Even My dog has a flipping seat belt system. Your sister is an utter twat!! I think you should send her the link to mumsnet as a response...

This is how preventable accidents can happen so inconsiderate report her

pointythings · 28/10/2018 10:16

Your sister is an irresponsible idiot.

DD1 discovered how to escape her car seat when she was 2. She got as far as undoing one strap by the time I'd pulled over and told her never to do that again - calm but deadly. She never did it again and made sure DD2 never even tried.

I do not start the engine unless everyone in the car is wearing a seat belt.

BewareOfDragons · 28/10/2018 10:17

Your sister is a neglectful idiot.

And you would have been legally responsible had you been pulled over and she'd been discovered out of her carseat.

I'd send the police round to have a word if they'll go. Or contact social services. It is wilful neglect, against the law, and a shocking attitude to have about the safety of one's own child.

I also wouldn't allow them in my car again.

KeiTeNgeNge · 28/10/2018 10:18

I am gobsmacked at her response

Blanchedupetitpois · 28/10/2018 10:20

Your sister is being absolutely irresponsible and incredibly cruel to you by making out that you have a problem. I would text back saying ‘as we clearly don’t agree on this and it’s non-negotiable for me I think it’s best if I don’t drive you around again’ and then refuse to discuss it with her further. I can’t believe how recklessly she’s willing to endanger her child.

Fatted · 28/10/2018 10:20

YANBU. If anything had happened to your DN then you as the driver would have been responsible. Your DSIS can take her daughter's life in her own hands all she wants when she's driving.

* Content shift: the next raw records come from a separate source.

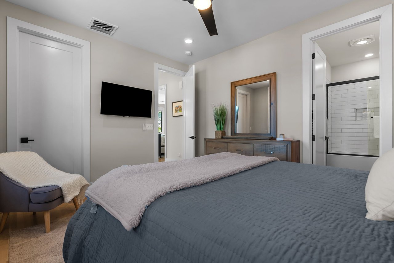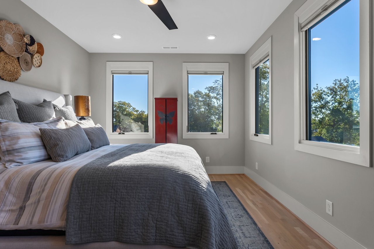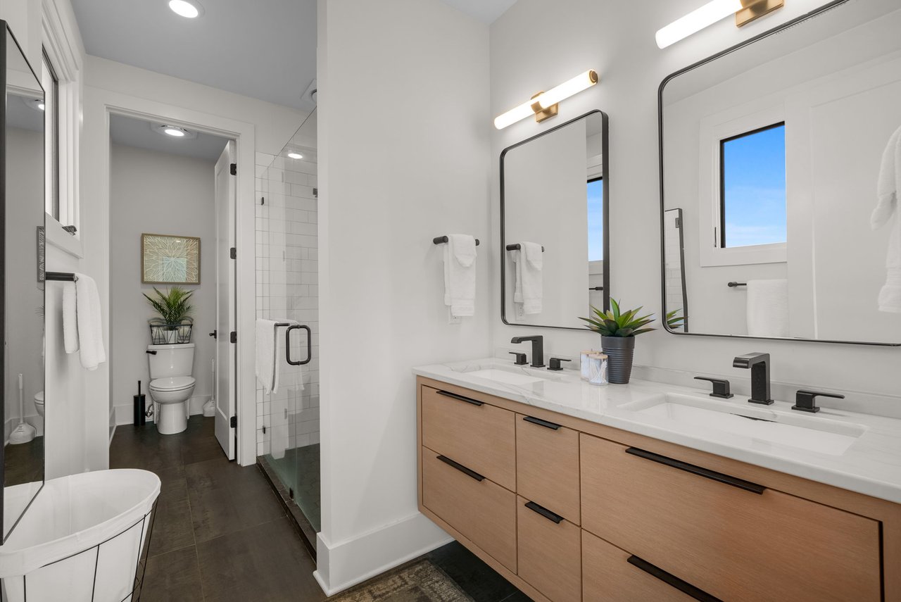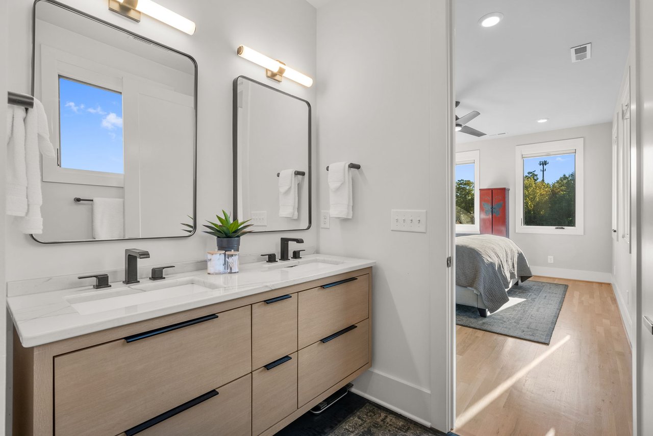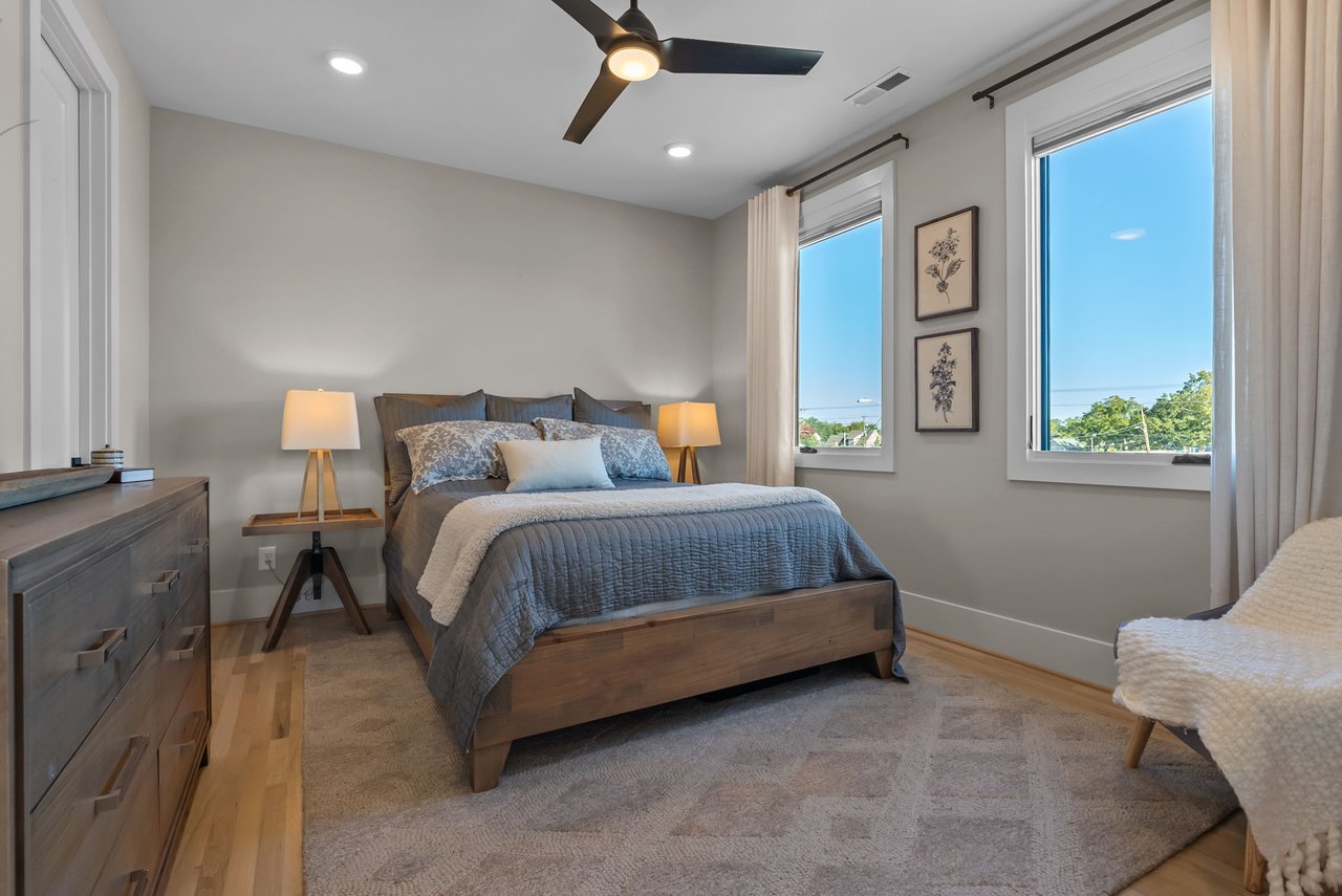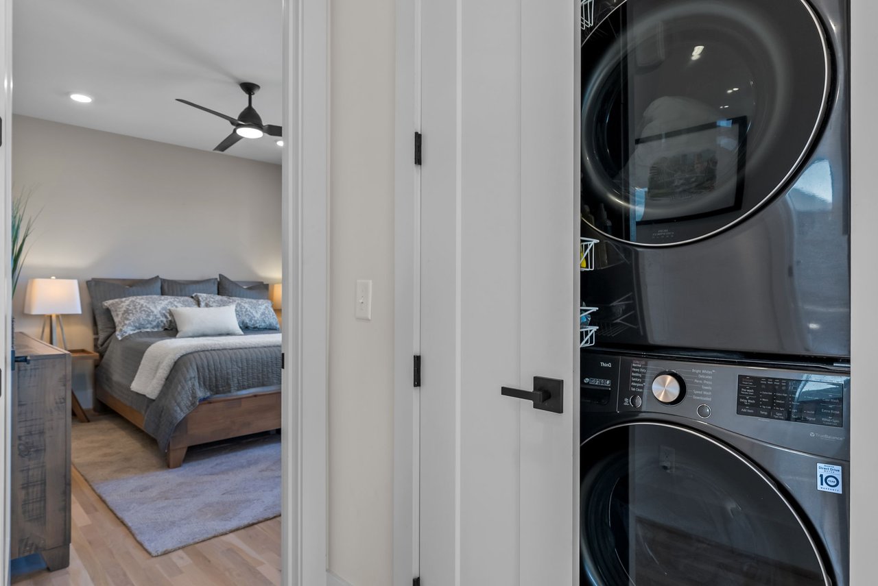 Brilliantly designed, the third floor grants residents and guests a respite and a chance to recharge before returning to the city's liveliness. The primary bedroom, situated on the corner of the unit, presents a scenic view of the neighborhood and is complete with a full bathroom and walk-in closet. The suite's generous bathroom has a dual, floating vanity, quartz countertops, large-format tile flooring, and a tile walk-in shower. The stackable laundry closet sits between the primary and guest bedrooms. Enjoy privacy in the guest suite, which has ample closet space and a full bathroom.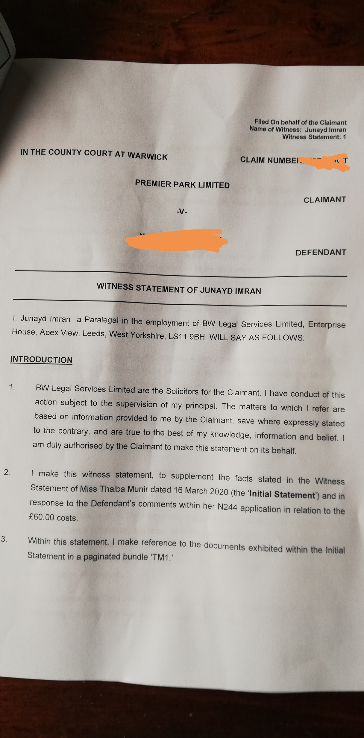 okay so I received the following supplementary witness statement in the post today stating that their client won't be in attendance and an advocate will represent then.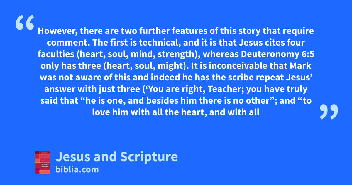 However, there are two further features of this story that require comment. The first is technical, and it is that Jesus cites four faculties (heart, soul, mind, strength), whereas Deuteronomy 6:5 only has three (heart, soul, might). It is inconceivable that Mark was not aware of this and indeed he has the scribe repeat Jesus’ answer with just three (‘You are right, Teacher; you have truly said that “he is one, and besides him there is no other”; and “to love him with all the heart, and with all
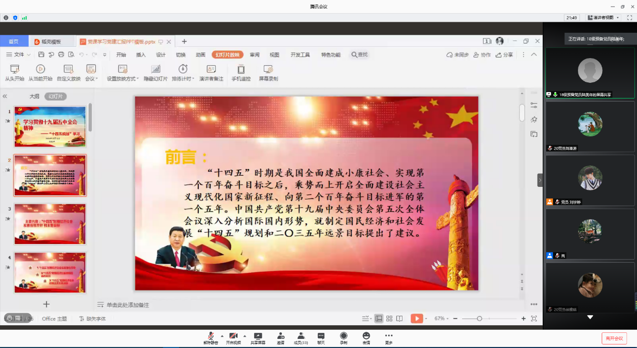 研究生第二党支部预备党员陆美年同志党课截图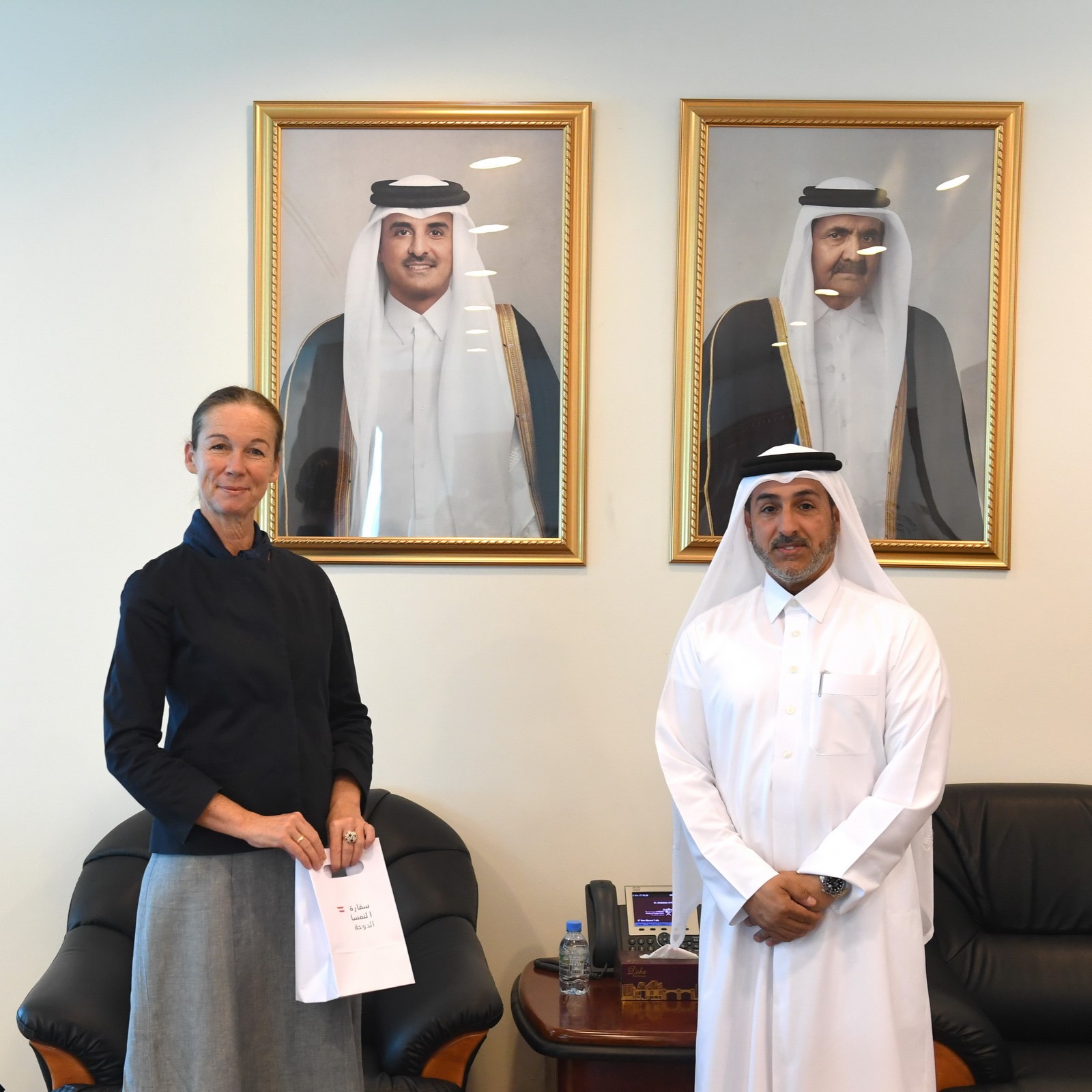 استقبل سعادة الدكتور عبد العزيز بن محمد الحر، مدير المعهد الدبلوماسي، سعادة السيدة إيريكا بيرنهارد، سفيرة جمهورية النمسا لدى دولة قطر، في لقاء مهم يهدف إلى تعزيز العلاقات الدبلوماسية بين البلدين.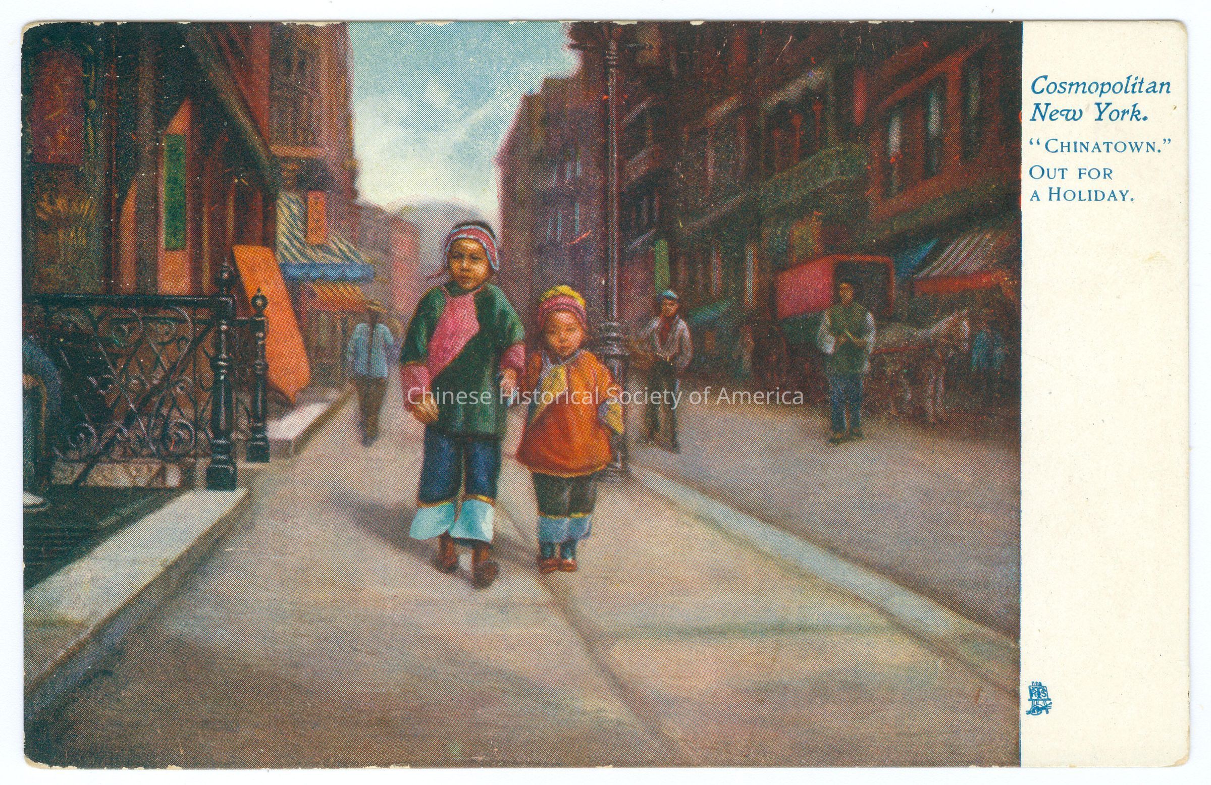 A-B: Front: Caption: "Cosmopolitan New York "Chinatown" Out For a Holiday." A: Back: ""Cosmopolitan New York"; "Raphael Tuck & Sons "Oilette" [Regd.] Postcard 1068. Art Publishers To Their Majesties the King and Queen." Old Accession #: A)-.

Iaimtomisbehave1 · 28/10/2018 10:24

So glad you replied OP. I think I'd be telling everyone in the family that she was putting that child at so much risk because I'd be so annoyed!

Lovemusic33 · 28/10/2018 10:24

My daughter went through a stage of getting out of her car seat, I used to pull over and refuse to drive until she was strapped in properly. Eventually she understood that to go anywhere she had to stay strapped in. No way would I allow a child to be unstrapped or have their arms out of the straps whilst I was driving.